Recognition of maritime objects based on FLIR images using the method of eigenimages

2018 
The paper presents the method of recognition of marine objects based on their images taken by infrared sensors (FLIR — forward looking infrared) using the method of eigenimages analysis. This method is based on the principal component analysis (PCA) method that allows to reduce the dimensionality of the problem of image recognition.
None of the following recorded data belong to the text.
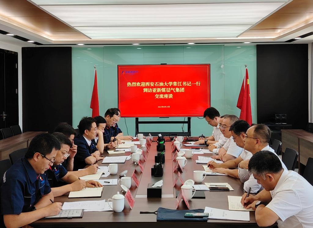 在新疆亚新煤层气集团走访期间,集团党委书记、董事长崔玉淼热情接待了常江、王进富一行。崔玉淼热烈欢迎学校领导半年内的再次正式来访,对学校高度重视与亚新煤层气开展校企合作表示高度赞赏和衷心感谢。在座谈会上,双方围绕前期在天然气、煤层气“双气共采”技术、煤炭地下气化、导向钻井工具、压裂改造技术、区域地质构图等多个合作领域的项目进展情况进行交流和探讨,并就双方共建勘探开发协同创新研究院,在基础理论和关键技术共同研究、共建企校合作团队、联合开展重大项目论证、联合攻关重大技术难题、研发重大装备、教师“沉浸式”入企、企业导师聘任等领域开展实质性合作交换了意见和建议。该集团党委委员、副总经理韦波,总地质师梁则亮,集团特级专家王一兵等企业领导参加了座谈交流。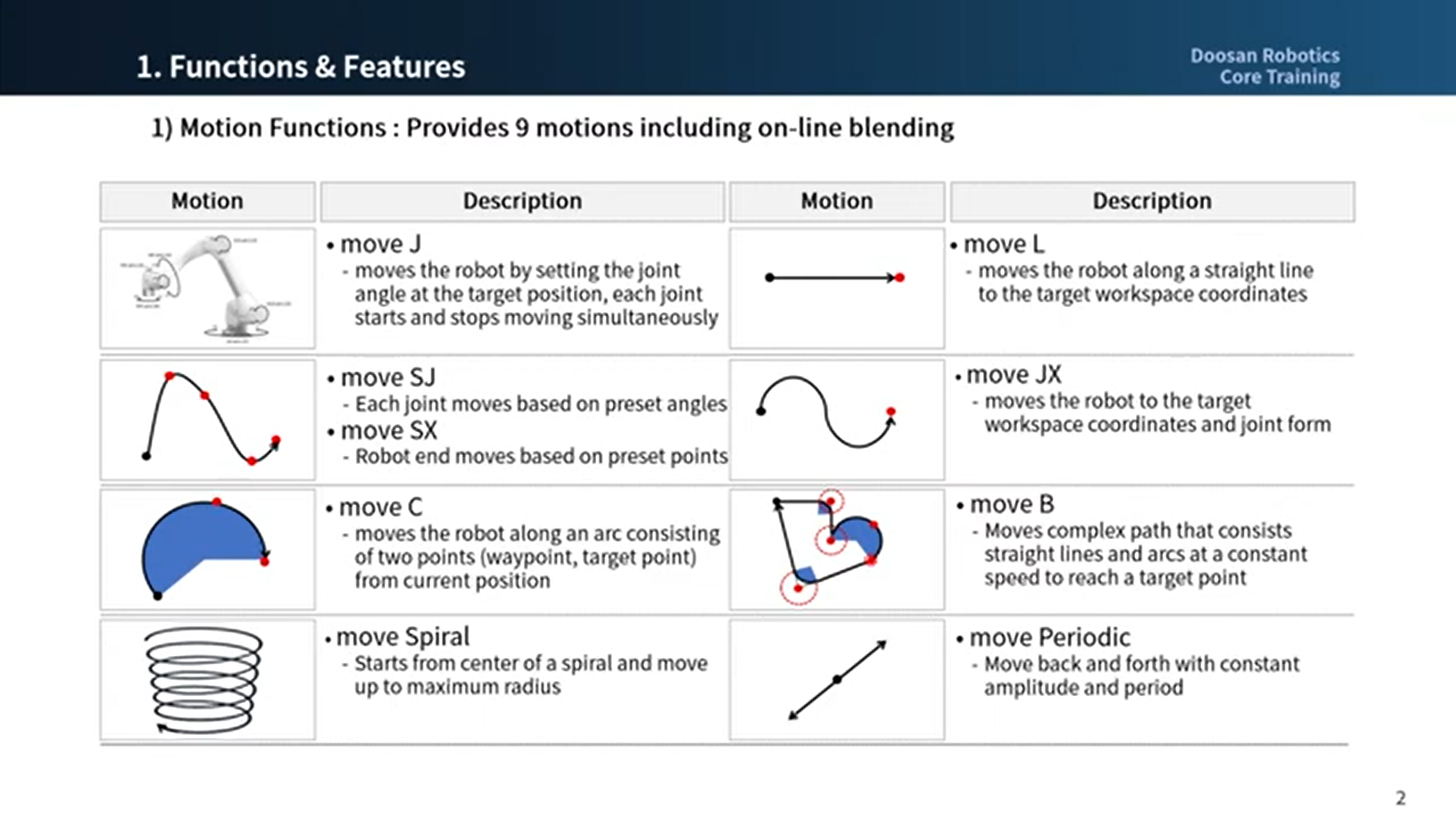 斗山机器人机器人提供 9 种动作。机械手的移动由标准动作 MoveJ 和 MoveL 以及这两个动作所衍生的 7 个动作控制。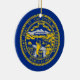 Crafted with attention to detail, this ornament honors Nebraska's rich heritage and values. The design proudly showcases the state's flag, featuring a blue field with the state seal in gold and silver. The seal includes a steamboat sailing on the Missouri River, a blacksmith with his hammer and anvil, a settler's cabin, and the state motto "Equality Before the Law," symbolizing Nebraska's history of progress and prosperity.

The paper presents a method of maritime objects recognition based on FLIR images consisting of the following stages: pre-processing of images from the pattern database, calculation of coordinates of images from the pattern database in a new reduced feature space, calculation of coordinates of image cluster centers, pre-processing of a new image, calculation of coordinates of a new image in the reduced feature space, calculation of the distances of the recognized image from all the image cluster centers in the pattern database and making a decision on choosing the most similar maritime object, or stating that there is no image satisfying the similarity condition in the pattern database. The combination of the principal component analysis (PCA) method with the method of eigenimages analysis reduces the dimensionality of the recognition problem. The original dimension is equal to the number of pixels in each image. It must be equal for all the images from pattern database and the image being recognized. The final value of the problem dimension is equal to the number of image clusters in the pattern database. In some situations, the dimensionality of the problem can be reduced due to the low eigenvalues of the matrix of Karhunen-Loeve transformation. The final part of the paper presents the preliminary results of the study of the developed method of classifying maritime objects using a certain set of FLIR images registered in the Baltic Sea.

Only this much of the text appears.